If the brown discharge has a foul smell, is paired with pain or fever, or shows up consistently outside your cycle, an infection or other treatable condition is more likely and worth getting checked out.
Polyps and Structural Causes
Cervical polyps are small, usually noncancerous growths on the cervix. They can cause spotting between periods or bleeding after sex. The bleeding is often light enough to oxidize before you notice it, producing brown discharge rather than obvious red blood. Uterine fibroids can cause a similar pattern. These growths are common and treatable, but they don’t always cause symptoms, so many people discover them only after mentioning irregular spotting to their doctor.

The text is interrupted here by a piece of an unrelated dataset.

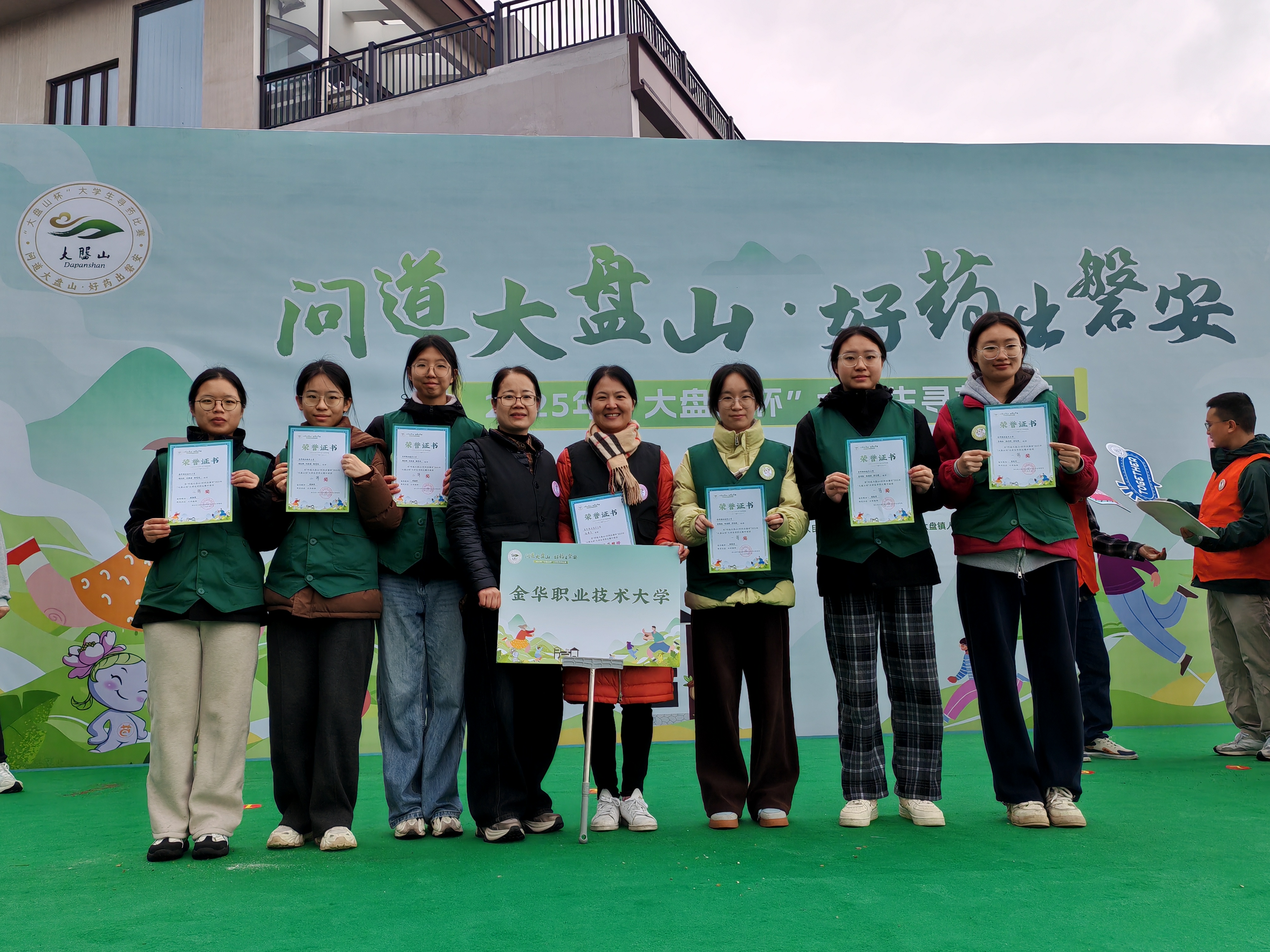 11月17日,2025年“大盘山杯”大学生寻药比赛在金华磐安的大盘山国家级自然保护区隆重开幕。本次大赛吸引了来自国内25所高校的46支队伍及3支国际队伍同台竞技,参赛选手覆盖专科、本科及研究生多个培养层次,竞争激烈。金职大学子作为唯一专科代表队参赛。最终,由张慧芳老师指导,中药231班学生余雨虹、柏诗琪、余佳妮三位同学组成的忍冬队获得一等奖,由施淑琴老师指导,中药231班谢祎琳、中药241班林雅茜、徐秀枝组成的金樱子队获得二等奖,张慧芳与施淑琴分获“优秀指导教师”称号。

Brown Drainage From a Wound
If you’re noticing brown fluid from a healing wound rather than vaginal discharge, the context is different. Light pink or slightly red fluid from a wound (called serosanguinous drainage) is a normal part of healing. It’s a mix of blood and clear fluid your body produces to repair tissue. Brown, thick, or foul-smelling drainage from a wound is another story. This type of fluid, sometimes white or yellowish-brown, can signal a bacterial infection that needs treatment. If wound drainage changes color, thickens, or starts to smell, that’s a sign to get it looked at promptly.
Patterns That Deserve Attention
Occasional brown discharge tied to your cycle is rarely a concern. But certain patterns stand out. Brown spotting that shows up after menopause (not perimenopause, but after you’ve gone a full year without a period) should always be evaluated. The same goes for brown discharge that lasts more than two to three weeks, appears consistently after sex, comes with pelvic pain or fever, or has a strong odor. These combinations don’t automatically mean something serious, but they point toward conditions that benefit from early diagnosis, whether that’s a treatable infection, a polyp, or a hormonal imbalance that can be managed.